Mira leaned forward until their foreheads touched.
“Good,” she whispered. “Humans are overrated.”
A wet laugh escaped Rumi before she could stop it.
Zoey smiled through shining eyes, as she wrapped her arms around the two of them. “Also, statistically speaking, we already suspected.”
Rumi groaned faintly. “Of course you did.”
“You’re terrible at hiding,” Zoey informed her. “Emotionally, hiding emotionally. Supernatural-ly? Very impressive. Emotionally? Tragic.”
Rumi let out a shaky breath that turned into something freer.
“You don‘t hate me?” she asked.
Mira shook her head immediately.
Zoey didn’t hesitate. “No, we love you very much. Both platonically and romantically.”
Something in Rumi finally gave way. She folded into them, as more tears finally spilled free, as she tried her best to hold back the sobs. And still, the two of them held her as if anchoring her to the world.
“We’ll figure it out,” Mira said.
“Together,” Zoey added.
Rumi pulled back slightly, eyes red but steady.
“I love you,” she said.
Not vague. Not deflected. Direct. Mira felt the words like impact.

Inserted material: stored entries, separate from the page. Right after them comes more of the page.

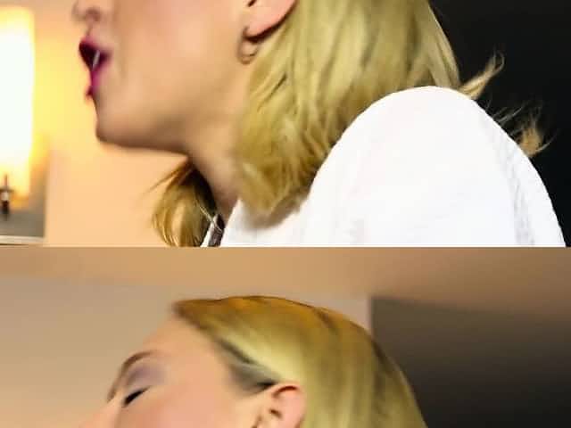Passionate babe Alexa Rae gives a godlike blowjob on the knees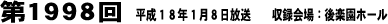 大杉 君枝 松本 志のぶ 西尾 由佳理 杉上 佐智枝 阿部 哲子 藤井 恒久 司会:三遊亭楽太郎・三遊亭小遊三 座布団運び:林家木久蔵・林家たい平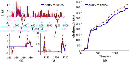 Figure 8 shows the SMPC and AMPC comparison for ib, Figure 8b,c is zooms of Figure 8a. In Figure 8b, the LiB current of SMPC is charging and discharging dramatically, which is not observed in AMPC. In Figure 8c, the LiB current of SMPC is fluctuating remarkably around 0 when HESS is charging. Furthermore, the LiB current of SMPC distinctly goes beyond that of AMPC. All the situations mentioned above lead to an increase of LiB Ah-throughput, as shown in Figure 8d. The phenomena indicate that time-varying prediction model matrices as well as accurate state estimation by TVKF significantly improve accuracy of control action calculated by QP solver of AMPC. Besides, as SMPC isn’t able to estimate states precisely, the constraints on Vub and yu may be violated, resulting in SMPC failure, which will cause damage to HESS.

“I love you too,” she answered immediately.
Zoey grinned through tears. “Finally. Took you long enough.”
Rumi huffed a watery laugh. “I was busy cleaning.”
“Of course you were,” Mira said fondly.
Outside, spring carried on — bright, stubborn and alive.
Inside, Rumi stood in the sunlight pouring through windows she had polished herself, no longer a step apart from the people she loved.